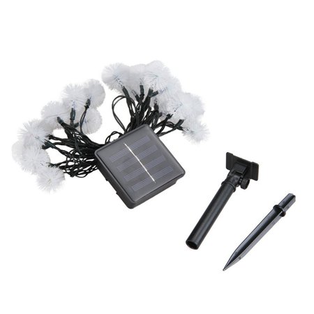 Approx. 5M. Solar Powered Chuzzle Ball LED lights, no wiring or external electricity required for use. <br />Power-saving and Eco-friendly. <br />Light turns on automatically when dark, also controlled by manual on/off switch;Two modes to choose. <br />Long bright/ Single flash. <br />Solar powered panel can set up by a 20cm removable spike. <br />Automatic & Durable <br />Unique optical technology can guarantee the lights (when brightly light) automatically charge during the day, and in the evening (when insufficient light) automatic light up. <br />It also has the characteristics of easy installation, waterproof sunscreen and other characteristics.(LED light strings are waterproof, but solar panel need transparent plastic bag cover if use outside in case of raining) <br />Solar powered panel can set up by a 20cm removable spike. <br />With ON/OFF, MODE switches. <br />Products are widely used in road, yard, window, the place such as shops, hall, stage, especially for the Christmas tree decoration <br />Ideal for decorating your gardens, patio, lawn, porch, gate, yard, also ideal for indoor decoration. <br />Manufacturer Specifications <br />Type: Low-power LED decorative lights <br />Color: MultiColor <br />Switch: 2 (Power ON/OFF& MODE) <br />Control method: light-operated + buttons <br />Flash mode: Long bright+single flash <br />LED quantity: 20pcs, 20 LED at 0.15M spacing <br />Lead length: 2M <br />Lamp spacing: 0.15M <br />Color temperature: 3000-12000k <br />Rated voltage: 3v <br />Power: 1.2w <br />Beam angle: 90-135 degree <br />Charging time: 6 hours <br />Working time: 8-10 hours, total working time more than 10,000 hours <br />Working temperature: -20 -60 <br />Package Contents: 1 x 20 LED Solar Light String <br />1 x Removable Stand <br />Note:Light shooting and different displays may cause the color of the item in the picture a little different from the real thing. The measurement allowed error is +/- 1-3 cm.
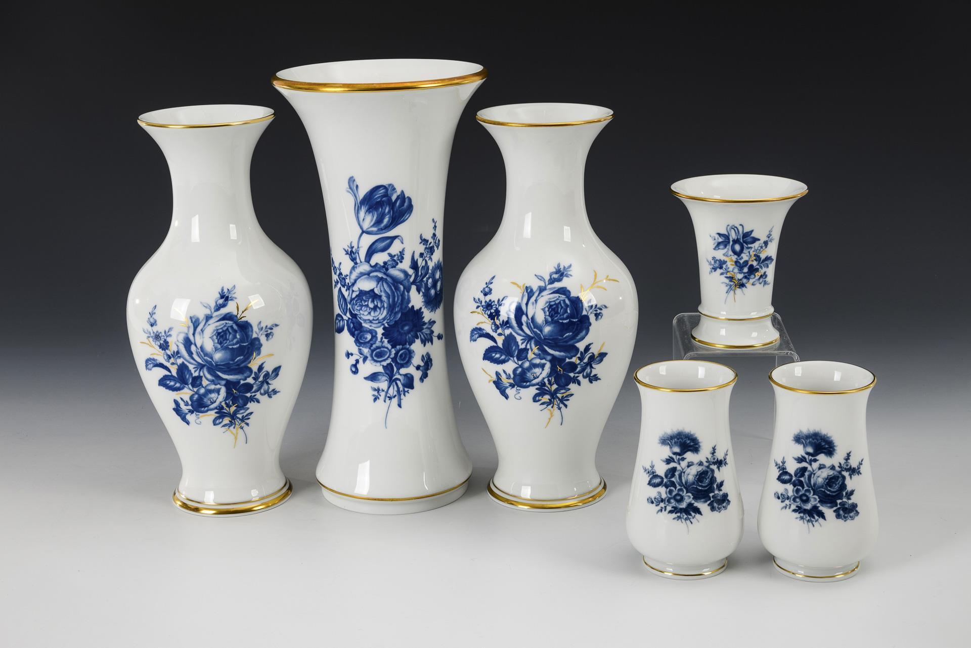 6 vases "Blue Flower". Meissen.
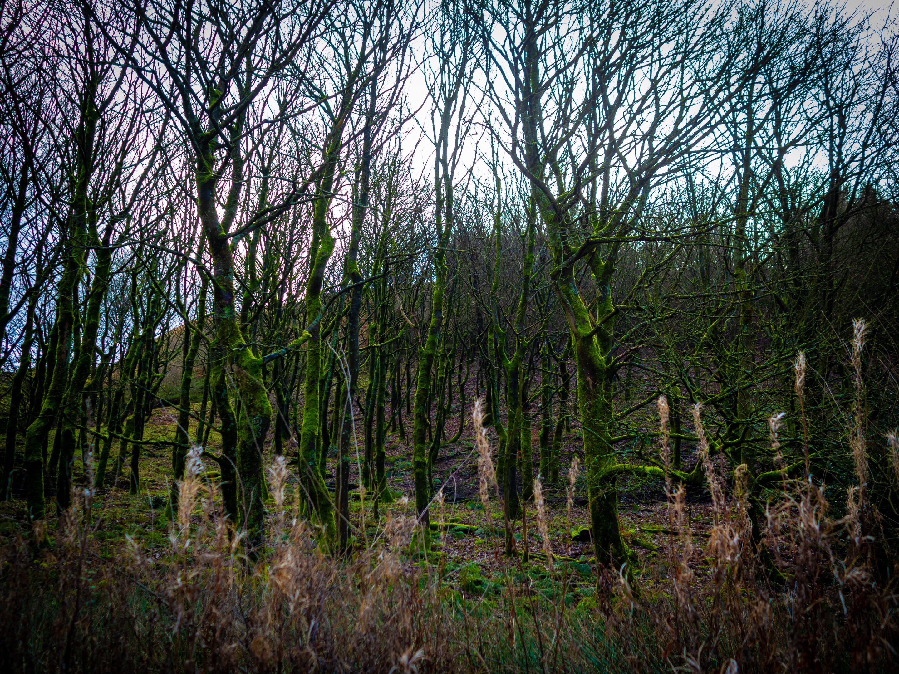 The walk begins on a road alongside the reservoir. The res is on our left, and there are some woods to our right. The trees are fully bare now winter has set in. The trunks are covered in moss making it appear like the grass is growing up from the ground and encompassing the trees.
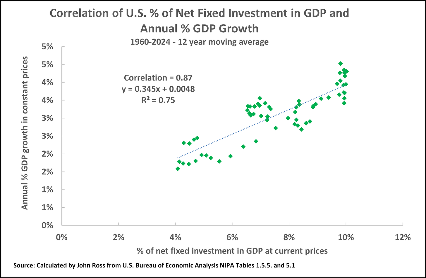 Turning to shorter term movements, as shown in Figure 11, the correlation between the annual percentage of net fixed investment in GDP and the annual average U.S. GDP % growth rate, taking a six-year average GDP growth rate, is 0.78 – six years is taken in this graph as the period for the moving average to correspond to the same length of time, 2019 to 2025, which has elapsed since the peak of the previous U.S. business cycle. As would be anticipated from previous factual data, if a longer period is taken, the correlation is even higher - the correlation for a 10-year period is 0.81 and for a 20-year period it is 0.82.
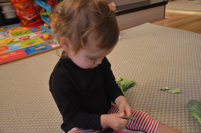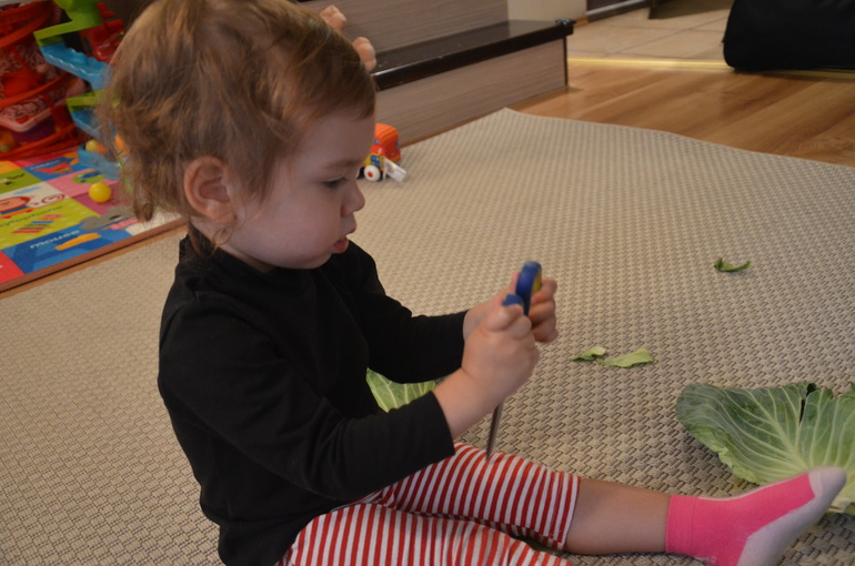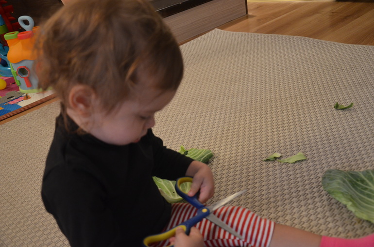 1. Достала дочке капусту для ознакомления

☆ ☆ ☆

• **Task directions**
Beginning with the line where "Turning to shorter" appears, restate word for word every line down to the last one in the data, but keep the pictures out.

• **Answer box**
 Turning to shorter term movements, as shown in Figure 11, the correlation between the annual percentage of net fixed investment in GDP and the annual average U.S. GDP % growth rate, taking a six-year average GDP growth rate, is 0.78 – six years is taken in this graph as the period for the moving average to correspond to the same length of time, 2019 to 2025, which has elapsed since the peak of the previous U.S. business cycle. As would be anticipated from previous factual data, if a longer period is taken, the correlation is even higher - the correlation for a 10-year period is 0.81 and for a 20-year period it is 0.82.
 1. Достала дочке капусту для ознакомления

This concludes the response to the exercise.